__Data below__:

----------

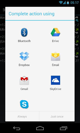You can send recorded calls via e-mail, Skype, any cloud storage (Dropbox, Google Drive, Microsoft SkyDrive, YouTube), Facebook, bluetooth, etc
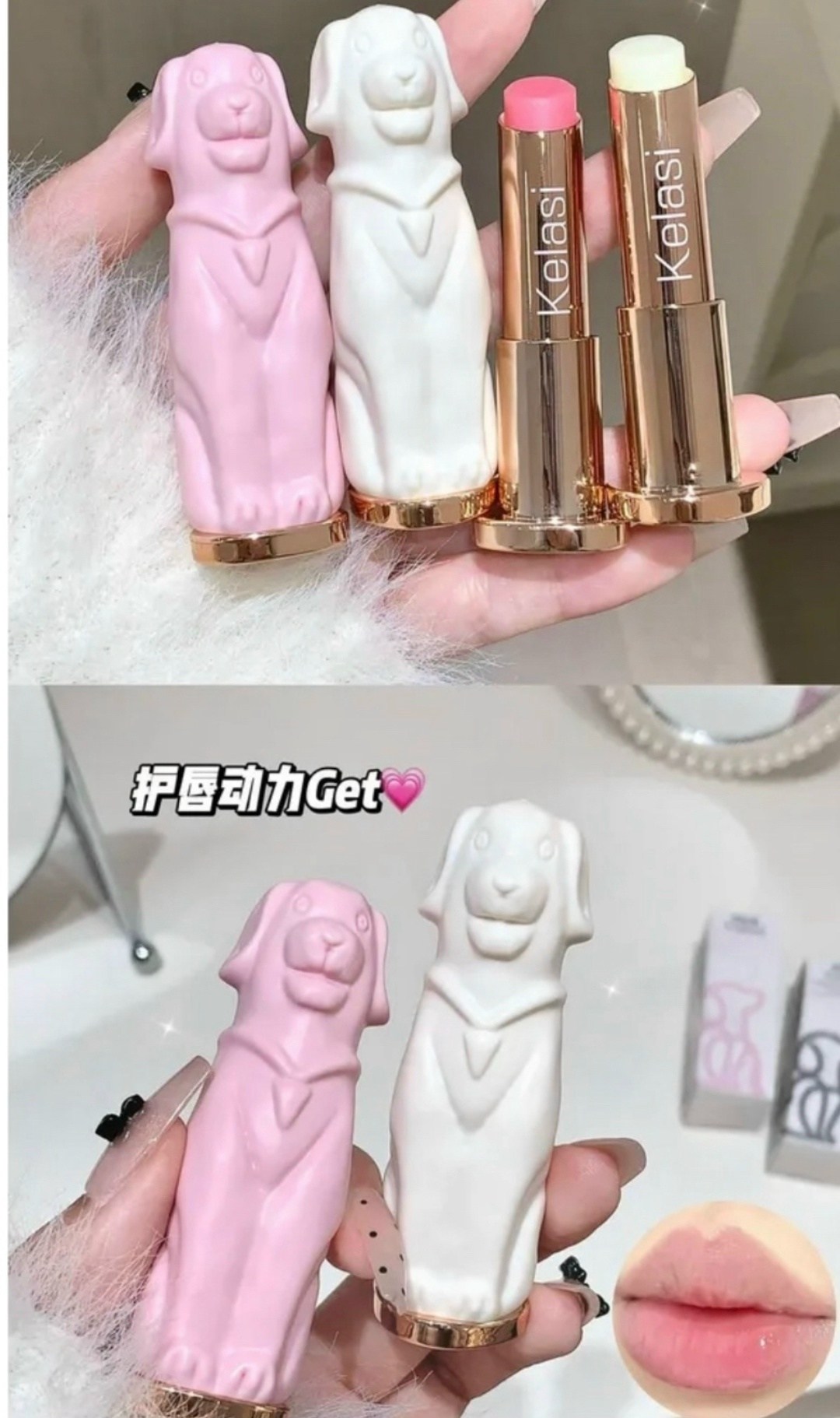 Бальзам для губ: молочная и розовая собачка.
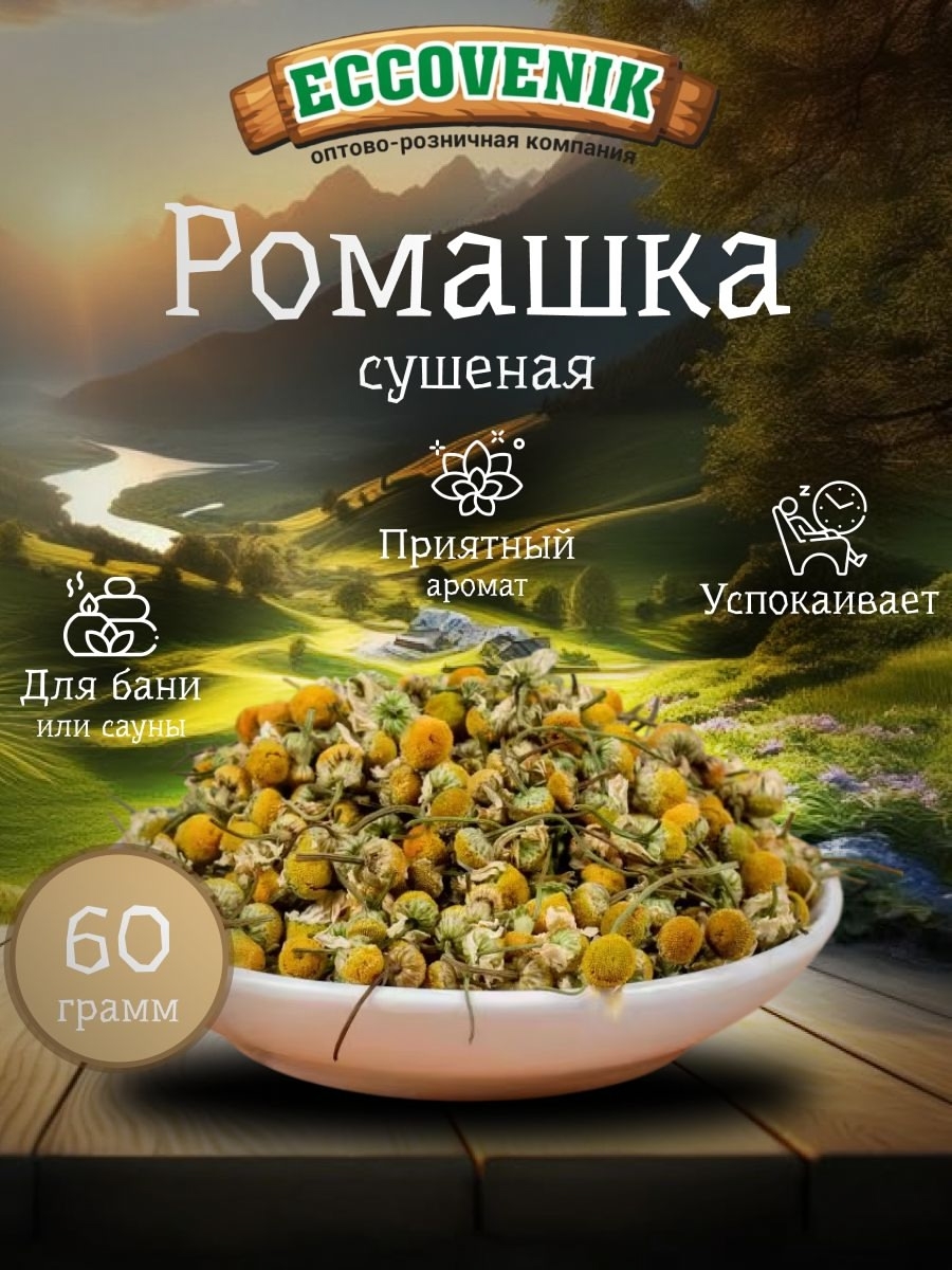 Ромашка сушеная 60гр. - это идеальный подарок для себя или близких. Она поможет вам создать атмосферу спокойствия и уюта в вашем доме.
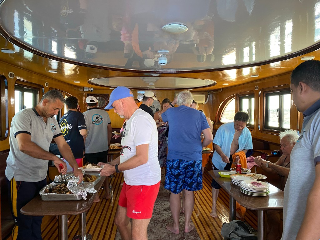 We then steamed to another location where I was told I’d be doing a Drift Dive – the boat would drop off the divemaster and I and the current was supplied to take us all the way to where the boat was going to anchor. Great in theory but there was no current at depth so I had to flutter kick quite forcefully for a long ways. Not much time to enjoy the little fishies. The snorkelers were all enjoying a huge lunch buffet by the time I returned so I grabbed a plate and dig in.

----------

__Exercise directions__: Output the data exactly, pictures omitted.

__Solution for this problem__:
You can send recorded calls via e-mail, Skype, any cloud storage (Dropbox, Google Drive, Microsoft SkyDrive, YouTube), Facebook, bluetooth, etc
 Бальзам для губ: молочная и розовая собачка.
 Ромашка сушеная 60гр. - это идеальный подарок для себя или близких. Она поможет вам создать атмосферу спокойствия и уюта в вашем доме.
 We then steamed to another location where I was told I’d be doing a Drift Dive – the boat would drop off the divemaster and I and the current was supplied to take us all the way to where the boat was going to anchor. Great in theory but there was no current at depth so I had to flutter kick quite forcefully for a long ways. Not much time to enjoy the little fishies. The snorkelers were all enjoying a huge lunch buffet by the time I returned so I grabbed a plate and dig in.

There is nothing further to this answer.